What do we like to do? Admittedly, sometimes we have given money (though not to children), or even candy if we happened to have some on hand and were so moved, but what we prefer is to give either photographs of ourselves (we took a picture of you, and now have it on our camera; here’s a little picture of us for you to have) or postcards from back home. This of course takes some preparation–having printed photographs or postcards ready–but it’s definitely worthwhile, because it allows us to share a bit of ourselves and where we come from with people who don’t own cameras and will likely never have a chance to visit the U.S. On the back of the postcards, Derek usually writes a funny little note, which the recipient generally can’t read but may have translated some day.

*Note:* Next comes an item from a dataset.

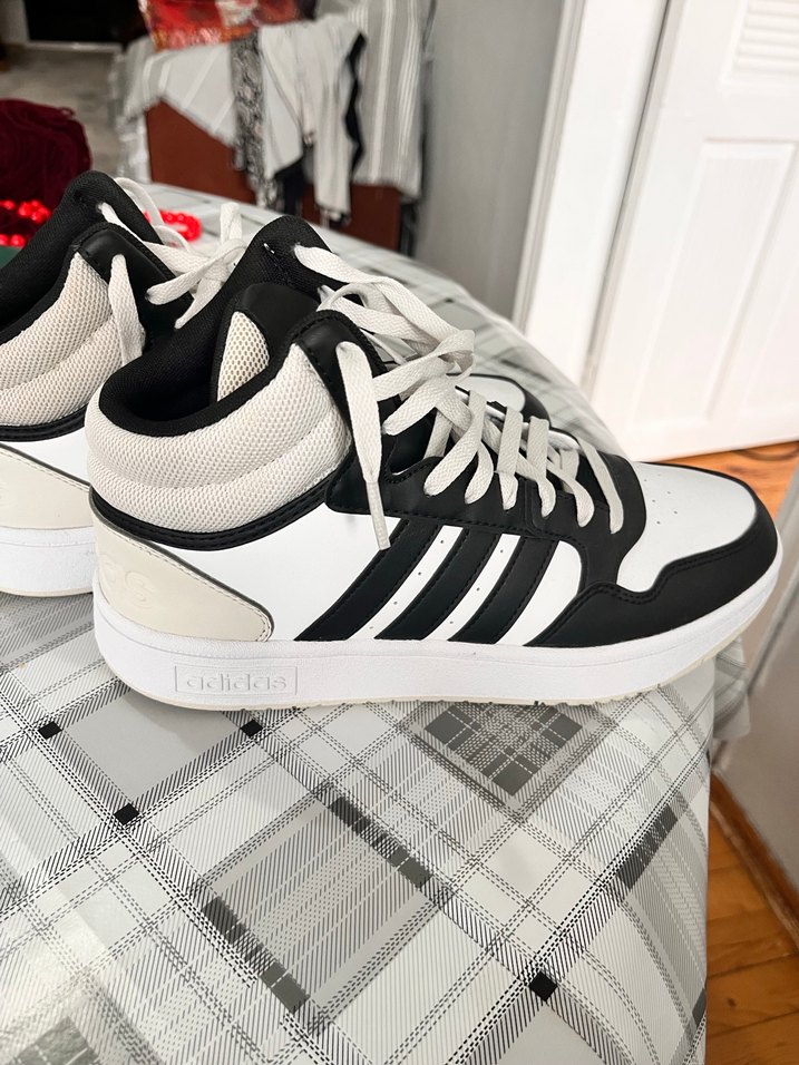 Beyaz siyah renklerde, bağcıklı, stiletto topuklu kadın spor ayakkabısı. Kauçuk tabanlı, sportif ve günlük kullanıma uygun.almanyadan hediye geldi büyük geldiği in satıp baska alıcam hiç giyilmedi kokusu üzerinde

An elderly Dogon examining the New York skyline, Mali
Some of Derek’s masterpieces, give to children among the baobabs in Madagascar
One story about giving, or trying to give, that may appeal to the cynical traveler, from the city of Gonder in Ethiopia. I do not know what Gonder is like these days, but when we were there, there were quite a few young children in town who made it their business to provide various “travel agent”-type services to tourists. For example, one small boy with a bum eye helped set up a taxi for us to get to the airport. Others would help carry bags or provide directions. Of all these boys, there was one that we grew to despise, because he was clearly more troublesome and deceptive than the others. He was also overweight, an obvious sign of his relative wealth or success. Well, from Gonder we went on a trip to the nearby Simien Mountains, a high altitude range that is one of the many spectacular sights of Ethiopia. We were waiting outside of the park proper trying to hitch a ride to the trailhead, when a minivan drove up, with some tourists. We asked if we could get a ride, and they said sure. When we got in, we saw that the bad kid was also in the minibus. The other tourists had not noticed, as we had, what a rotten kid he was, and “hired” him to arrange their visit to the Simiens. Anyway, we gratefully accepted the lift, and after a visit cut short by Derek’s severe altitude sickness, returned to Gonder. A couple days later, as we were leaving Gonder, we ran into the young woman who had hired the kid and the van. She related to us how the kid had had his mother throw her a birthday party, and then billed her for all sorts of food and beverages that they didn’t even consume. Not having learned her lesson, she bought the kid an Amharic-English dictionary worth $30, even writing a note on the first page to prevent the kid from reselling it. The good kid with the bum eye told us that the other kid had returned it to the bookstore for $10 anyway.